New Measure Urges Schools To Stock Epinephrine

In an effort to protect millions of school children from allergic reactions caused by food allergies, President Obama today signed the School Access to Emergency Epinephrine Act.  Epinephrine is a life-saving medicine that can reverse the effects of a severe allergic reaction to food & other allergens.  It is critical that the signs of a reaction be recognized early, and treatment with epinephrine be given immediately. This new measure offers incentives to schools in states with existing laws, permitting them to keep epinephrine on hand and train their staffs how to use the injectors.

I am encouraged by the passage of this legislation and hope that the states without legislation continue to introduce and pass legislation to make epinephrine auto injectors available at schools for all children. There is no reason why we shouldn’t have epinephrine auto injectors available in our schools that could save a child’s life.  As a physician in the emergency department at Nationwide Children’s Hospital I have treated many children for serious food allergies, some that knew they were allergic to a food, but many who had no known food allergies.

5 years ago, my son Liam had an anaphylactic reaction to soy milk.  We had known that he was allergic to dairy, egg and nuts, but we had been giving him soy milk daily for 6 months when, he had his reaction. Liam was sitting in his highchair when we gave him a glass of soy milk –  he immediately started coughing and vomiting.  By the time we got his clothes off and saw the hives all over his body, he was unconscious.  My husband grabbed the auto injector and administered it to Liam and then immediately called 911.  Thankfully we could hear the sirens leaving the firehouse by the time he hung up the phone.  I rushed outside with Liam in my arms to meet the ambulance. I stood on the curb looking down at my 18 month old in my arms, pale, lifeless and unconscious.  I ran back inside and told my husband that I was going to start chest compressions. At that moment, the ambulance pulled up and I raced back to the street and jumped in, not even letting the medics get out of the squad.  Thankfully, in the 10 minute ride to Nationwide Children’s Hospital, the epinephrine started to work and by the time we got to the Emergency Room he was sitting up on my lap, waving to the nurses.  Had we not had an auto injector at home, I don’t know that we would have been so lucky.

According to the CDC since 1997, the rate of food allergies in children has doubled and one in four children experience their first allergic reaction to food while at school.
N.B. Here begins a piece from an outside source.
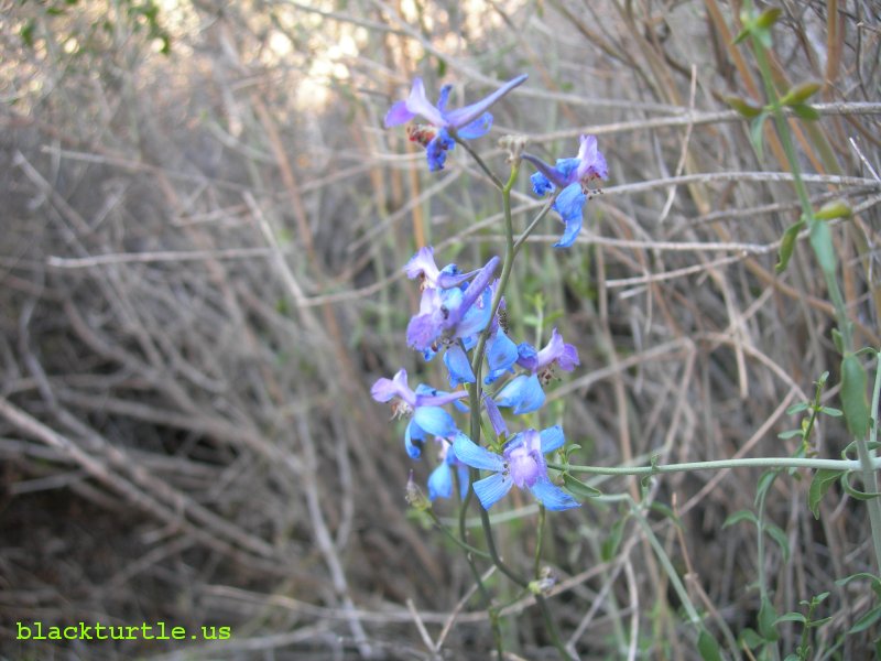 Larkspur - A larkspur plant growing amongst the bushes around the boulders.

Why keep self-injectable epinephrine in the schools?
o    Approximately 90% of all schools have one or more students with a food allergy

o    Studies show that 16-18% of children with food allergies have had reactions while at school due to accidental ingestion

o    Approximately 25% of life threatening food allergy reactions reported at schools occurred in children with no prior history of food allergies

o    Food allergy is just one cause of potential life threatening allergic reactions, insect stings can also cause anaphylaxis

These statistics show not only how critical it is to provide this life-saving medication in schools, but it also raises general awareness among teachers, parents and students about the seriousness of food allergies, an issue that is very important to so many families like my own.

Sarah A. Denny, MD
Sarah Denny, MD, FAAP, works as an attending physician in the Section of Emergency Medicine at Nationwide Children’s Hospital and as an Associate Clinical Professor of Pediatrics at The Ohio State University School of Medicine. She is Co-Chair of the Injury, Violence and Poison Prevention for the Ohio Chapter of the American Academy of Pediatrics and serves on the Executive Committee for the Council on Injury, Violence and Poison Prevention for the American Academy of Pediatrics. Her specific areas of interest include bike helmet awareness, safe sleep and legislative advocacy. Sarah is the mom of three energetic little boys (ages 4, 6 and 8). In her free time, Dr. Denny runs half marathons, loves to travel and is learning to garden.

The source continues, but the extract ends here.